Bertram Mitford
"A Veldt Vendetta"
Chapter One.
A Voyage of Discovery.
I had not a friend in the world.
My own fault? No doubt. It is usually said so, at any rate, so of course must be true. For I, Kenrick Holt, who do this tale unfold, am not by nature and temperament an expansive animal, rather the reverse, being constitutionally reticent; and, is it not written that the world takes you at your own valuation? Still, I had managed to muddle on through life somehow, and gain a living so far—which was satisfactory, but in an uncongenial and sedentary form of occupation—which was not. Incidentally I owned to the ordinary contingent of acquaintances, but at the period of which I write I had not a friend in the world—only brothers.

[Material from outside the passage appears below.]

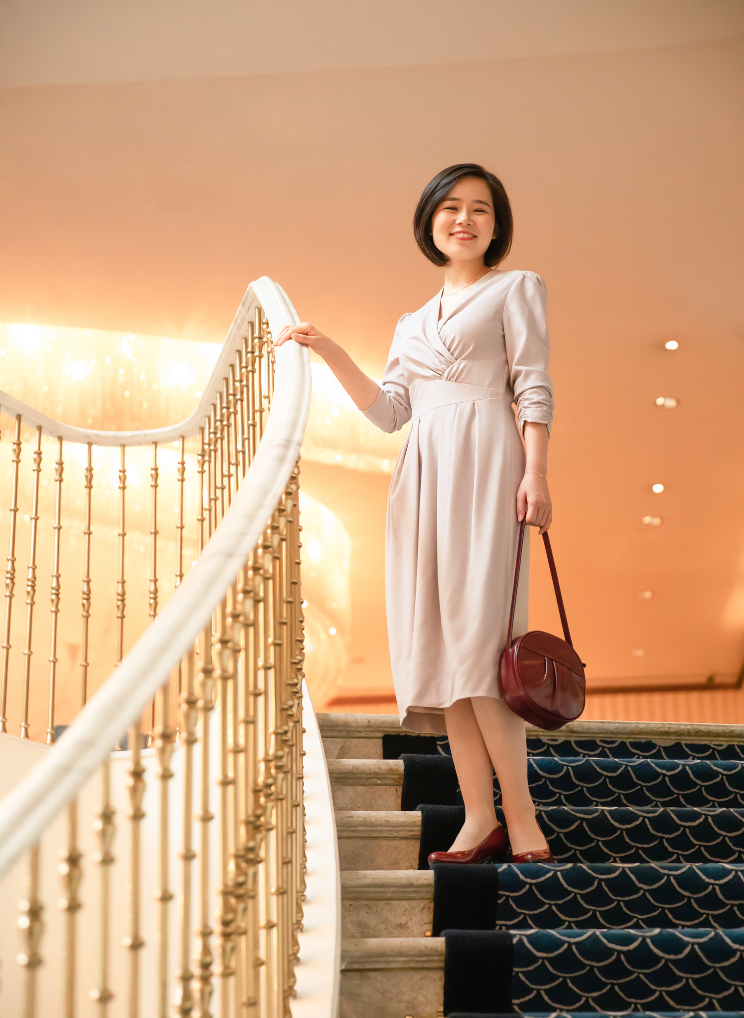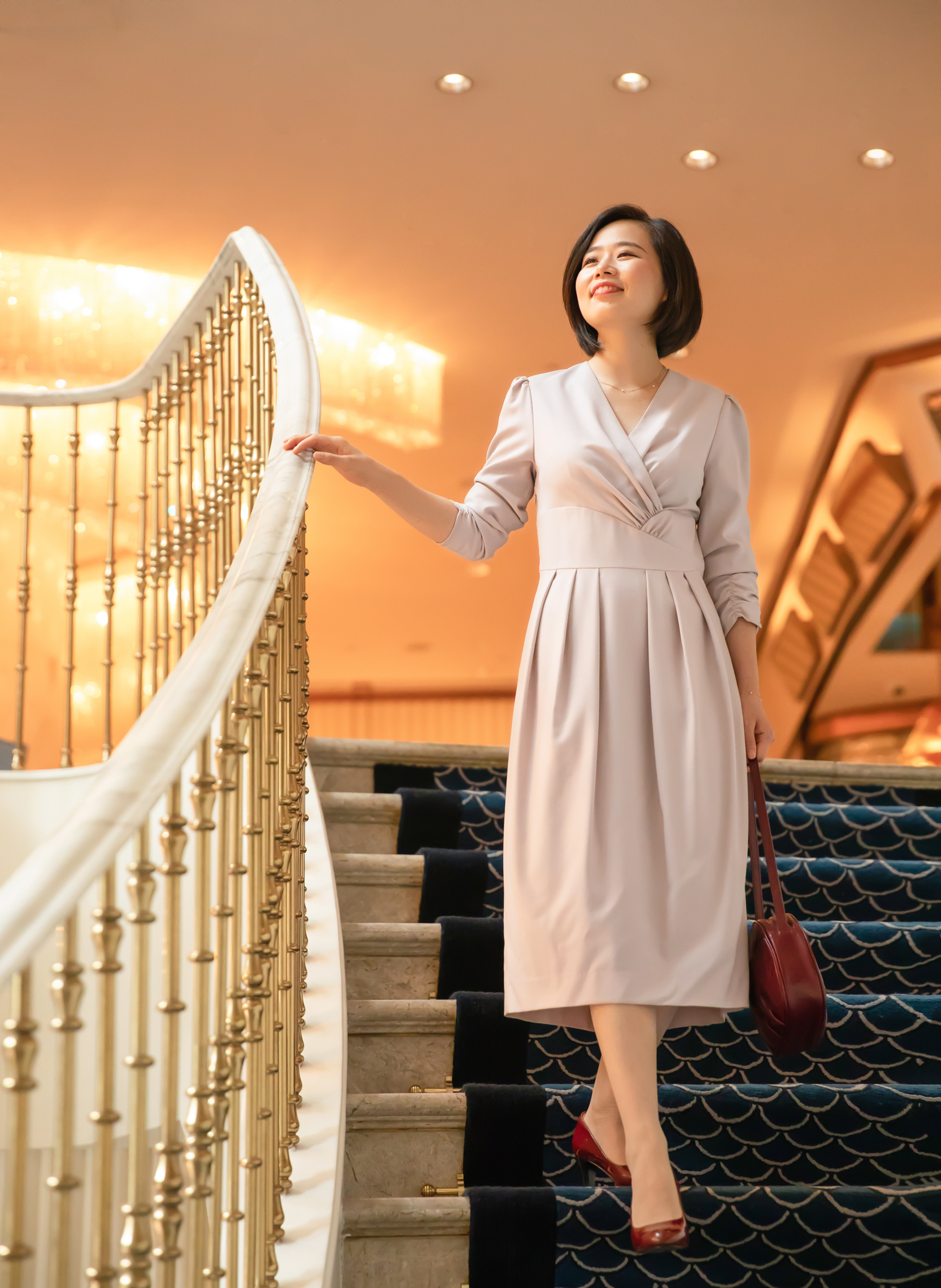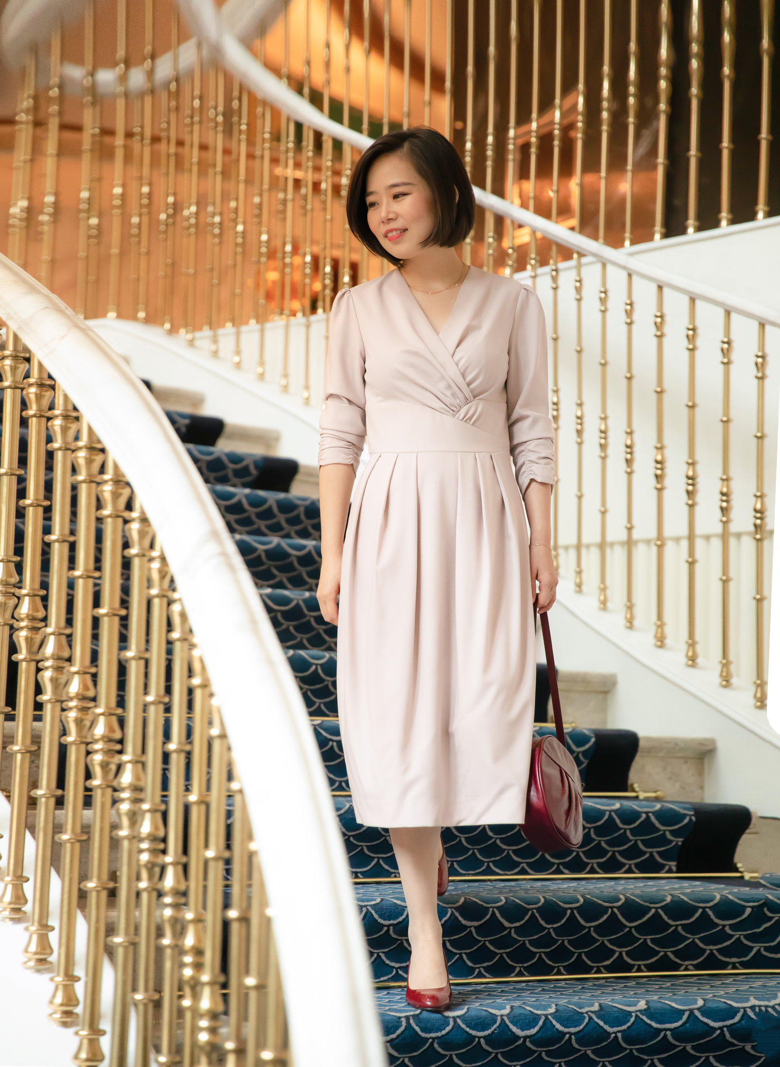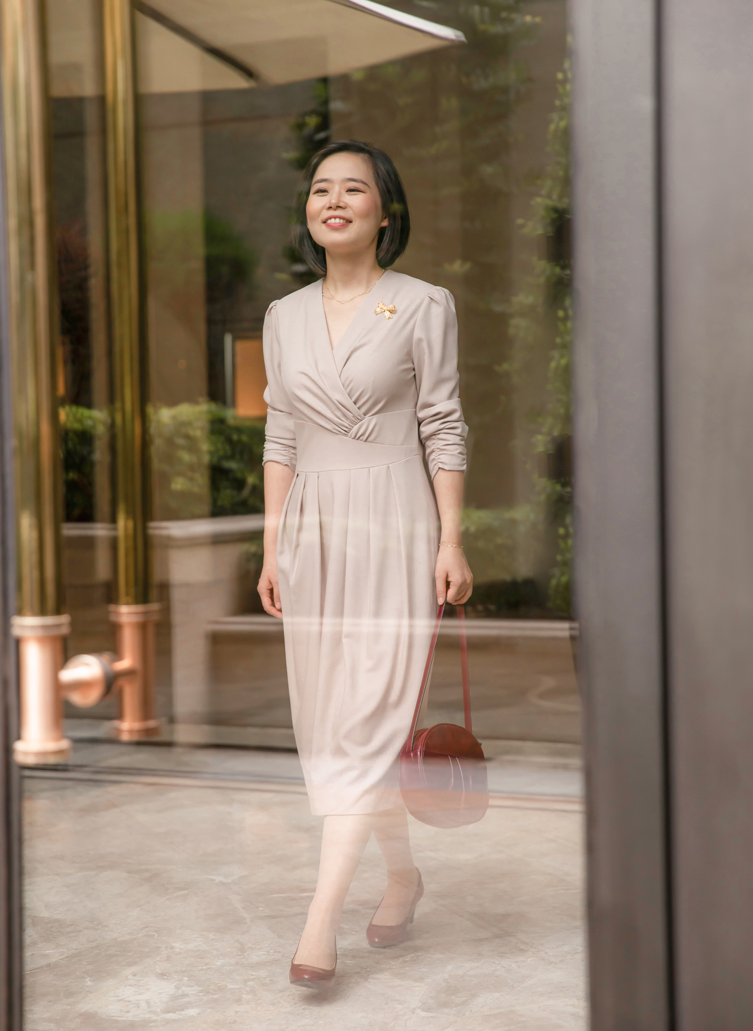 意大利面料制作工艺出品的全羊毛面料精致细腻,色泽高雅、柔腻,呼应着淑女内里的荣美与尊贵。此款连身裙看似简洁实则蕴含巧思,传递出力量感;优美不规则的腰部设计,能适应不同身高的淑女,展示美好比例,上半身的交叠式两襟上丰富的碎褶,渲染着古典的美丽,也如“慧美的以斯帖”卓绝的缜密、勇气、过人的睿智,面对艰险将万千思绪和忧愁归向心中的平安、信心和舍己。裙身简洁利落有份量,犹如光洁的大理石温润安稳;愿每一位淑女因内心有真理面对人生就有力量,形象有尊荣,心中有平安!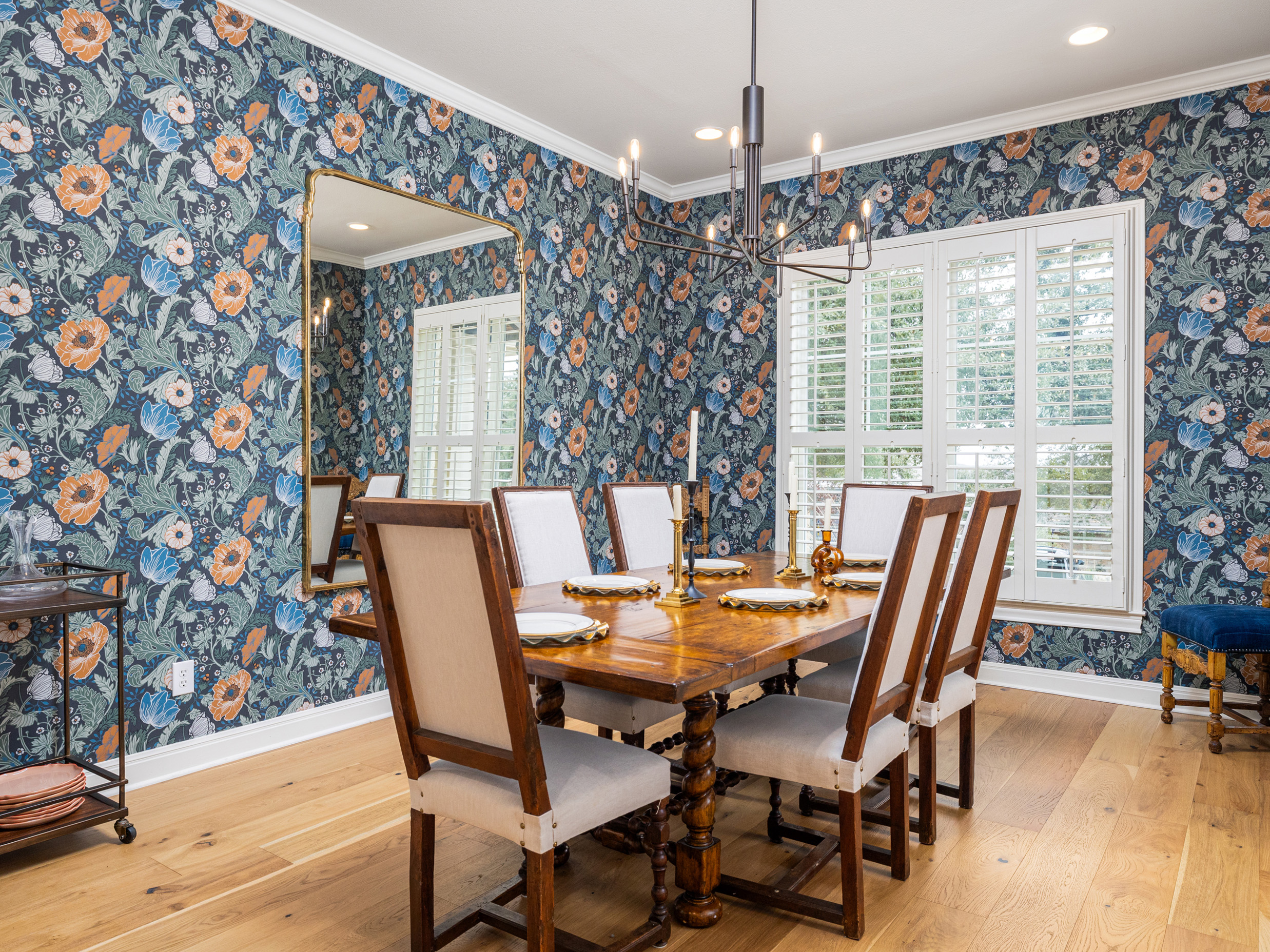 Just off the foyer, a formal dining room makes a bold statement with A-Street Anemone wallpaper and an aged brass chandelier, creating an elegant setting for both intimate dinners and special gatherings.

Of these, one owned an abominable wife, the other a snug country living, which combination of circumstances may account for the fact that we had rather less to do with each other on the whole than the latest conjunction of club acquaintances. Incidentally, too, I owned relatives, but for ordinary reasons, not material to this narrative, they didn’t count.
“Great events from little causes spring” is a truism somewhat shiny at the seams. In the present instance the “little cause” took the form of an invite from the last-mentioned of my two brethren—he who drew comfortable subsidy for shepherding a few rustics in the national creed to wit—to run down and get through a week with him at his vicarage.